Indian state to pilot cashless accident trauma insurance

Published on Monday, 28 November 2016

Published by Saleha Waseem on Monday, 28 November 2016

Motorcycle in rural India
Motorcycle in rural India

Rohan was on his way back to his village after watching a late-night show of the latest Bollywood release in a nearby town. Humming a chart buster from the film, he was about to turn into his village when a speeding truck appeared almost out of nowhere, hit his scooter from behind, and sped away.

Ram Avatar, from the neighboring village and also on his way home, witnessed the accident and instinctively stopped. Rohan lay unconscious and Ram Avatar, who had seen many such accidents in the past, was almost certain that the young boy had suffered internal head injuries. The questions flashing through Ram Avatar’s head were: I don’t know the boy, should I get involved, since it is a police case? More importantly, who will pay the hospital?  The golden hour—the first 60 minutes after a traumatic injury, when prompt medical treatment is most likely to prevent death—ticked away.

Nearly 400 deaths take place on Indian roads every day. In 2015 alone, close to 500,000 road accidents resulted in 146,000 deaths, and left more than three times that number of injured. From 2005 to 2015, road accident fatalities have increased by an alarming 54%. As a signatory to the Brasilia Convention, India is committed to halve the fatality rate by 2020.

Although road accident victims in India are currently covered under the 1988 Motor Vehicle Act (MVA), medical expenses incurred at the hospital need to be settled before the victim is discharged. The road accident victim then seeks reimbursement by making a claim against the third party responsible for the accident. The majority of claims filed under the MVA are handled by social motor vehicle tribunals, and very few are settled by insurance companies. The process is time-consuming and can take 18 to 24 months. In addition, the claimant has to bear the expenses of engaging a lawyer.

The question remains – what about the immediate needs of the victim for trauma care during the initial period after the accident? Maybe we have the solution.

ADB recently approved the $500 million Madhya Pradesh District Roads II Sector Project, which aims to reconstruct and rehabilitate 1,500 kilometers of major district roads across the state, thereby mainstreaming rural areas and improving connectivity to commercial markets. Under the loan, the Madhya Pradesh Road Development Corporation will pilot a cashless accident insurance scheme in non-urban areas of 3 to 4 districts.

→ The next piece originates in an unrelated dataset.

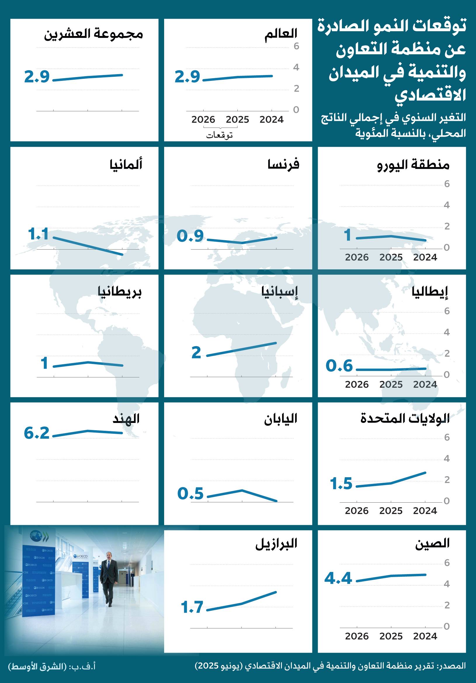 ورفعت منظمة التعاون الاقتصادي والتنمية توقعاتها للنمو لعام 2025. وتتوقع الآن نمواً عالمياً بنسبة 3.2 في المائة، مقارنة بنمو قدره 9 في المائة الذي توقعته في يونيو (حزيران)؛ بينما بقيت توقعات عام 2026 ثابتة عند 2.9 في المائة. ويمثل هذا تباطؤاً عن النمو المسجل في عام 2024 البالغ 3.3 في المائة.
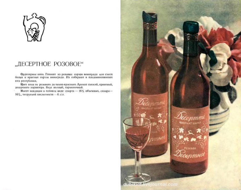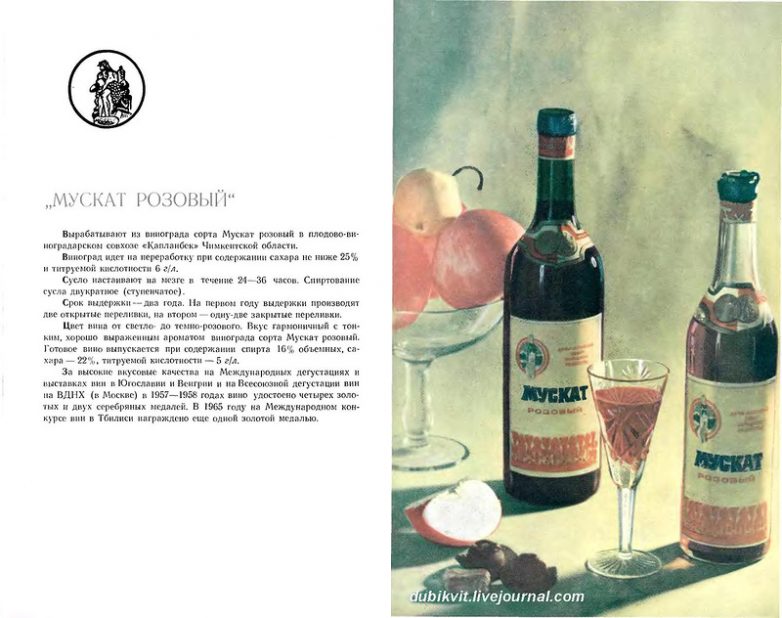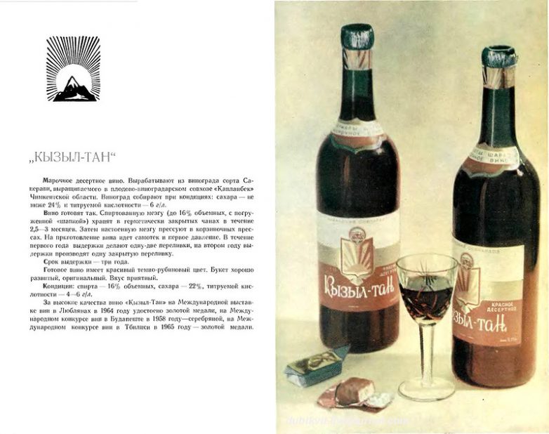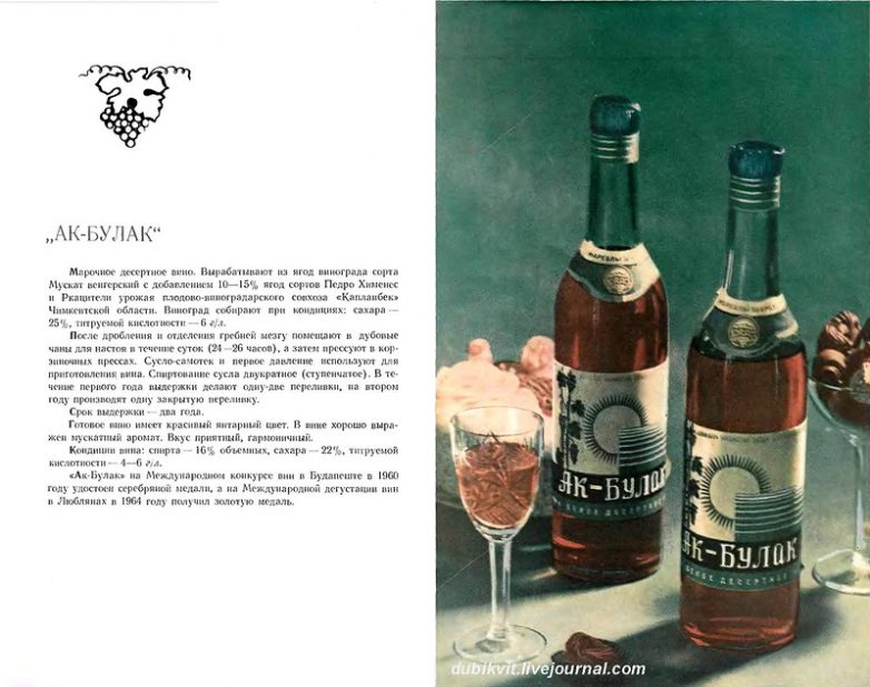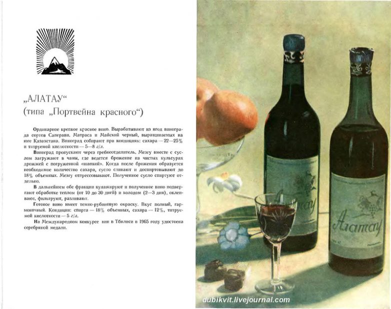 Книга-альбом «Вина и шампанское Казахстана», подготовленная Министерством пищевой промышленности Казахской ССР в 1965 году. В настоящей книге-альбоме содержатся краткие сведения по технологии приготовления виноградных вин всех марок и шампанского Казахстана. Приводятся исторические справки по виноградарству и виноделию республики.

Madhya Pradesh was among the first states in India to take action to manage road accident fatalities. In 2015 the state reported 54,947 accidents and 9,314 deaths. Recognizing the seriousness of the situation, the Madhya Pradesh government initiated an accident response system linked to ambulance services through the state.

Now, with ADB support, Madhya Pradesh will pilot an insurance cover for accident trauma care. Any road accident victim in the areas covered by the pilot scheme will be transported to accredited clinics or trauma centers to receive immediate medical aid. The cost of treatment for the first 48 hours—with an indicative ceiling of Rs30,000 (about $500, the final amount will be confirmed after the studies are completed) will be borne by a group insurance plan. The insurance premium paid by the state will be reimbursed through ADB financing.

If the pilot is successful, it will help to set up a post-accident response initiative that can be scaled up in Madhya Pradesh and beyond.  

Similar pilots are being tested by India’s Ministry of Road Transport and Highways on national highways such as NH-8, running from Jaipur to Gurgaon and Vadodara to Mumbai, and the NH-33 Highway from Ranchi to Muhulia. Data gathered from these pilot projects can be used to formulate a pan-India scheme for cashless treatment of road accident victims. 

If implemented, such an initiative will help improve the survival chances of accident victims and bring down substantially the current 30 deaths per 100 accidents ratio in India.